Ma prendo subito le distanze da ogni adaequatio dell’arte alla realtà.

L’ arte  è realtà in sé, che ha sue leggi che non hanno niente a che fare con quelle del mondo là fuori – in questo senso Abate è padrone di creare tutto il similarbreshino che vuole e di plasmare i personaggi come gli pare...

Ben inteso: è questo il trucco dell’arte: far vedere, far sentire, che essa imita il mondo là fuori; che è accrochable – come consigliava la Stein a Hemingway – alla “realtà” (da scrivere sempre tra virgolette).

L’arte deve sospendere l’incredulità del lettore e farti sentire che stai vivendo in un mondo più reale del reale. Se invece tiene desta la funzione critica del lettore, allora essa ha mancato il suo bersaglio - che è appunto la sospensione dell’incredulità.

L’arte è menzogna; e più la dà a bere più arte è. Lo sapeva Esiodo cantore delle Muse: esse raccontano storie simili al vero (pseúdea pollà etyúmoisin homoía). Per questo Platone voleva l’arte bandita dalla Repubblica.

Ma, contro Platone, abbiamo più bisogno d’arte che di verità.
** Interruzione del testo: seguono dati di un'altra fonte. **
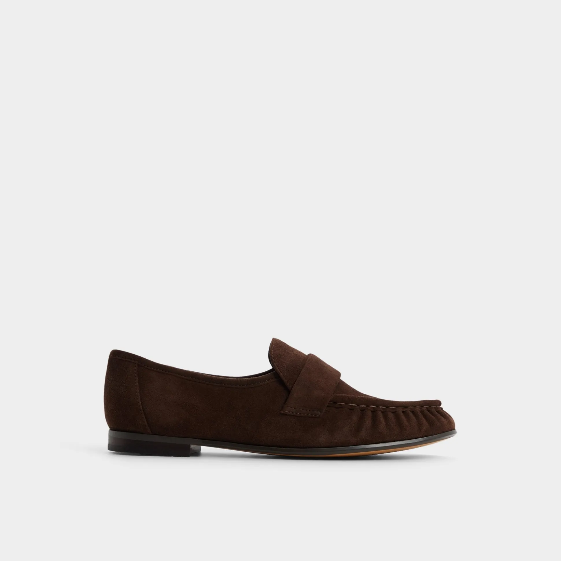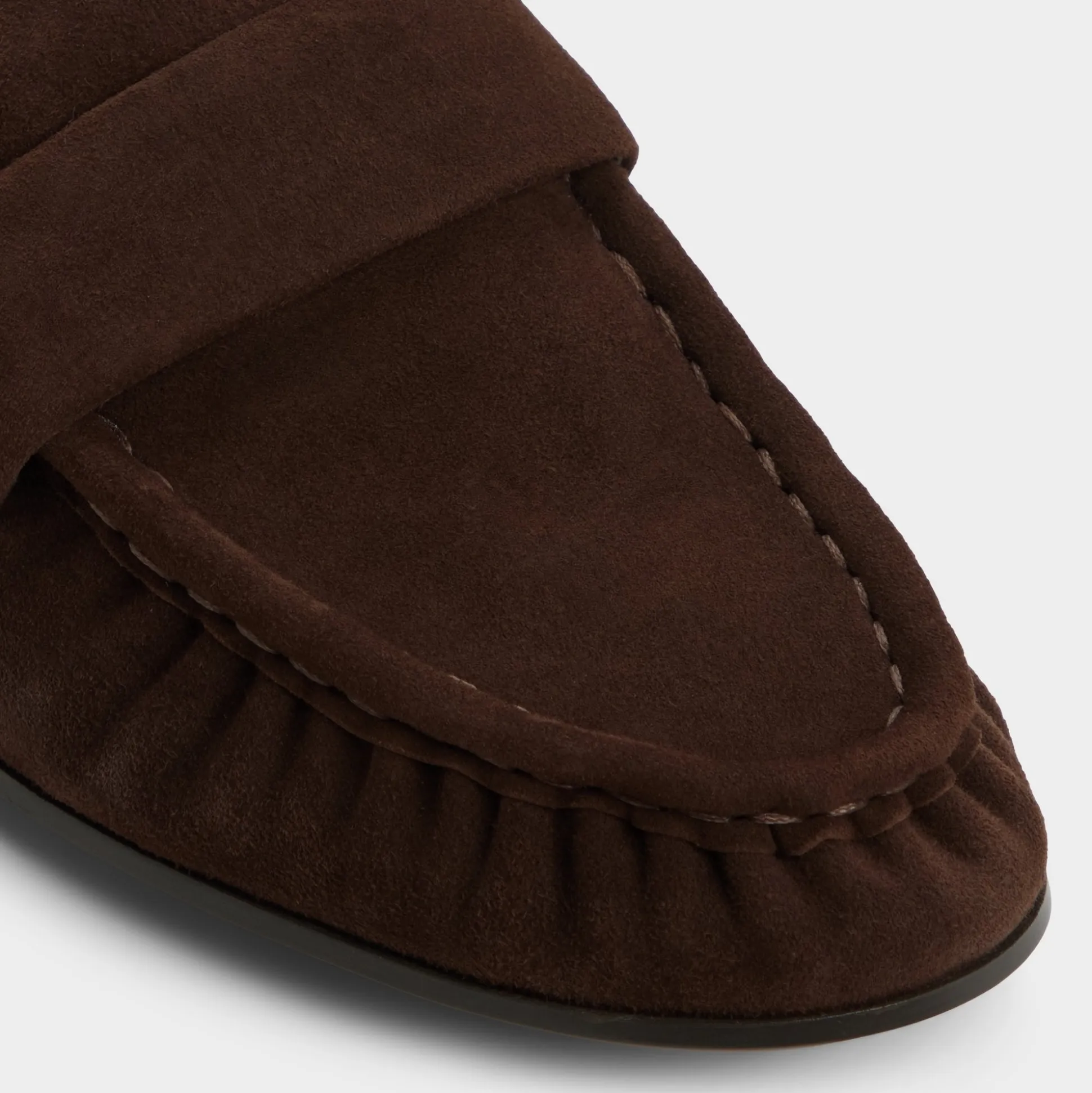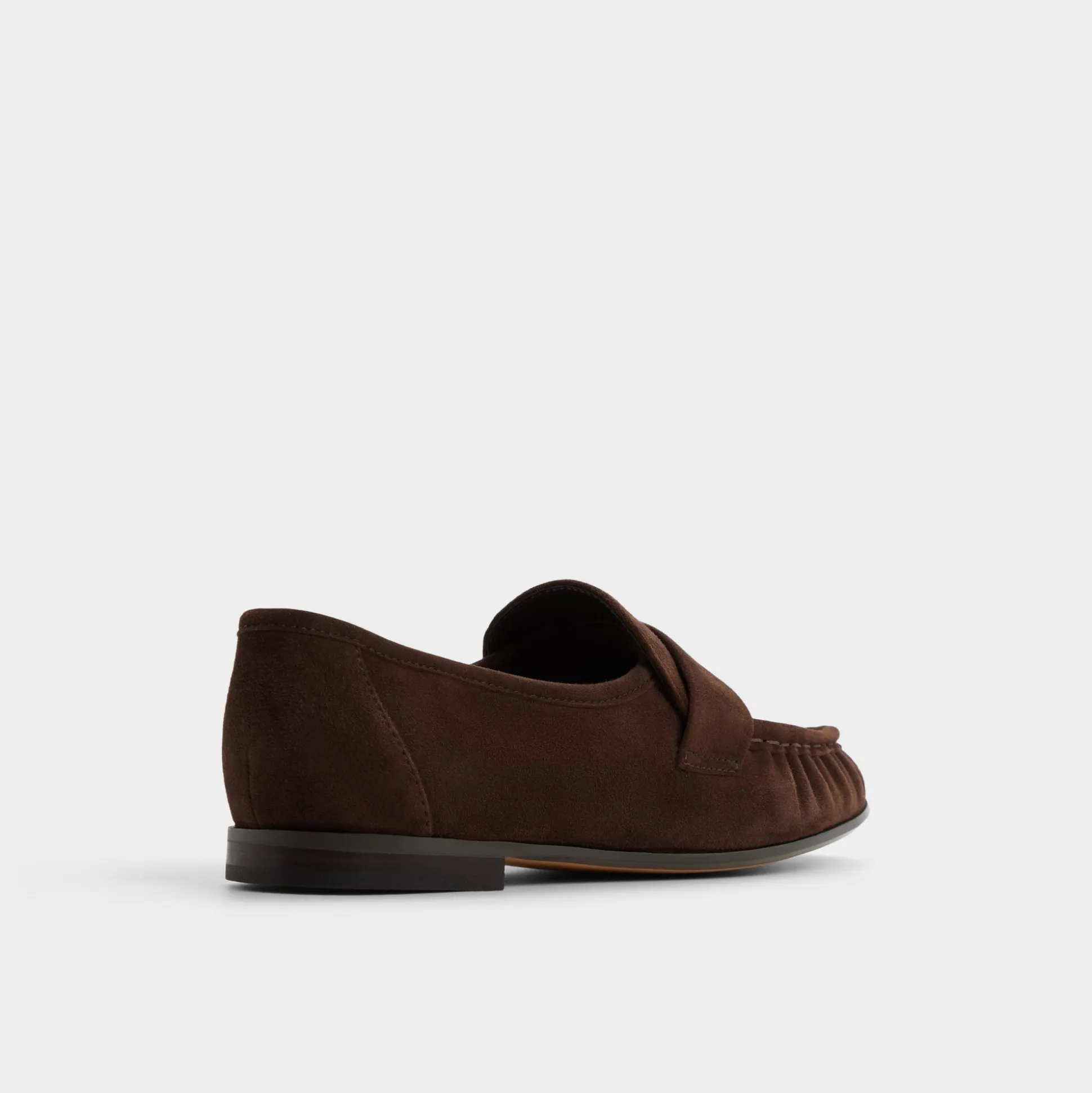 Buttery espresso suede shapes these penny loafers with ruched moc toes and a flexible cupsole, blending tailored refinement with sneaker-like ease and cushioned comfort for long days at every commute and meeting. Ground cropped trousers for presentation mornings, or swap into cuffed jeans when Friday train rides lead straight to patio tapas.

Abbiamo bisogno di mentire a noi stessi, come dell’aria che respiriamo, diversamente non potremmo sopportare “l’apparir del vero”, del “mondo là fuori”.

 

Non c’ è riuscito di sospendere l’incredulità di fronte all’ennesima evocazione ectoplasmatica di Skanderbeg – questa “oppressiva e immane allucinazione”.

Proprio mentre leggevo il libro di Abate mi è giunto un invito da Palermo per un convegno su “G. K. Skanderbeg e l’identità nazionale albanese”. Relazioni, di fior fior di professori, che non c’incantano più.

Anzi. Questi riti c’inducono a credere che l’identità sia solo una questione d’intellettuali in vena di “(simil)verità”. E siamo stufi di Skanderbeg, perché c’impedisce di capire, se possibile, il mondo in cui viviamo.  - Sempre girati dall’altra parte noi arbëreshë...

 

Ancora?

Non abbiamo ancora elaborato il lutto?

Non siamo ancora stati sputati fuori del seno materno per imparare a “odiare il padre e la madre” ed essere degni della “Verità” che, inafferrabile com’è, impone il desistere dall’in/sistere e dal con/sistere idolatricamente in ossessioni identitarie che sono una sconfessione dell’Essere e dell’esser-ci che sono deriva di tempo e spazio – Sein und Zeit?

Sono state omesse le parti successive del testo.